In my internship site, there are a few leadership styles that are dominate. The most

dominant leadership style is that of enabling others to act. It is expected that staff and interns

take the initiative and be proactive in tasks. Due to each staff member being in charge of multiple

cases and clients, staff members are expected to be very responsible and organized with handling

the big caseloads that they have. There is a lot of trust given to the staff to be effective in their
handling of cases. It is understandable to me why this leadership style is used at my internship

site. However, I do think that at times this style can be overwhelming for some of the staff at

times. Because the staff is expected to be very independent and proactive, I observe that staff

members can feel at times like there is not enough time in the day for them to complete the tasks

they need to complete. I have seen how staff members stay at work past their shift to complete

tasks. I would admit that this style of leadership can difficult for me. I like to have clear

directions and I get worried of doing a task incorrectly when I do not. At times, I also can feel a

little embarrassed to ask too many questions because of needing to have everything together.
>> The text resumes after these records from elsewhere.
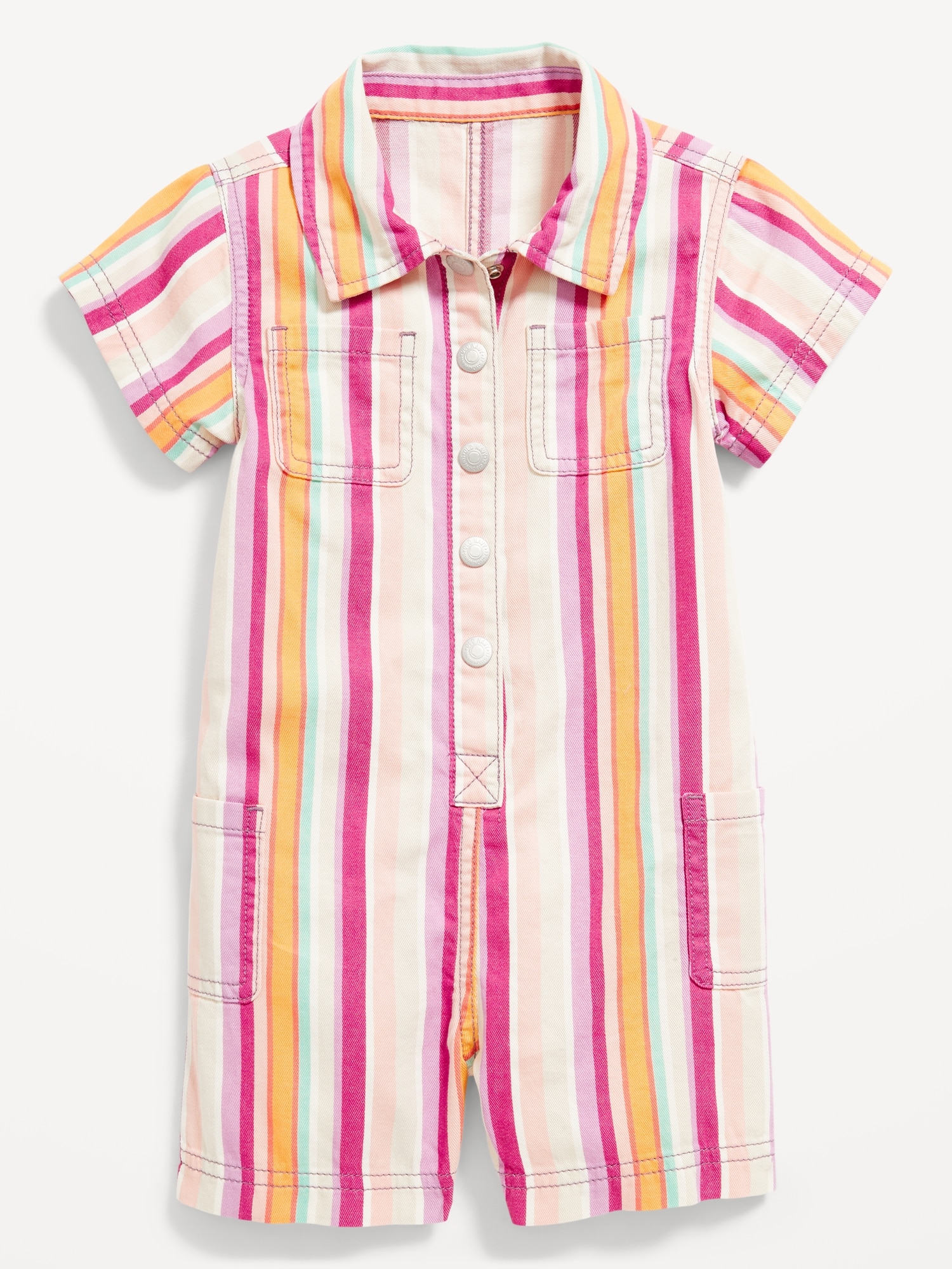 Printed Short-Sleeve Utility Twill Romper for Toddler Girls: spread collar, short sleeves, utility patch pockets at chest, full length buttoned placket, side utility patch pockets, cinched center back, hidden snaps along inseam, all-over print, #767016
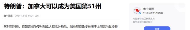 信息来源:2024年12月3日发表于鲁中晨报——《特朗普:加拿大可以成为美国第51州》
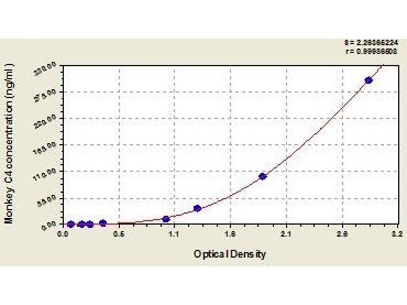 C4 Reaktivität: Affe Colorimetric Sandwich ELISA 0.469 ng/mL - 30 ng/mL Plasma, Serum, Tissue Homogenate

A value that is common at my internship site is that of tough love with the clients.

Throughout my internship one of the first and constant things I noticed was that of how there are

times in which having overt compassion and understanding for clients is appropriate and also

there are times when being frank and stern with clients is what best serves them. Since I work

with the kid clients, I mostly only need to resort to being compassionate and understanding but I

have observed how staff members that work with the adult clients must at times be very straight

and forceful with them. This is common when clients miss meetings or are unnecessarily difficult

with the staff. This has made me reflect on my misconception that I have toward social justice

work. Previously, when taught about social justice, I always got the sense that social justice is

this thumbs-up-kumbaya-everyone-is-smiling type of phenomena. This internship has shown me

how social justice work is not always this utopian experience of saving the world and that at

times to serve the population you are serving it requires bold and at times seemingly stern and

rude actions. It has been difficult for me to act in this stern way even when the situation merits it.

There have been a few times when my supervisor has told me to be more stern and forceful with

clients especially when they are being unnecessarily difficult or are lying. However, I appreciate
that this internship has shown me that there is a whole other side of social justice and more

importantly another way to be effective in social justice work that I had never been exposed to.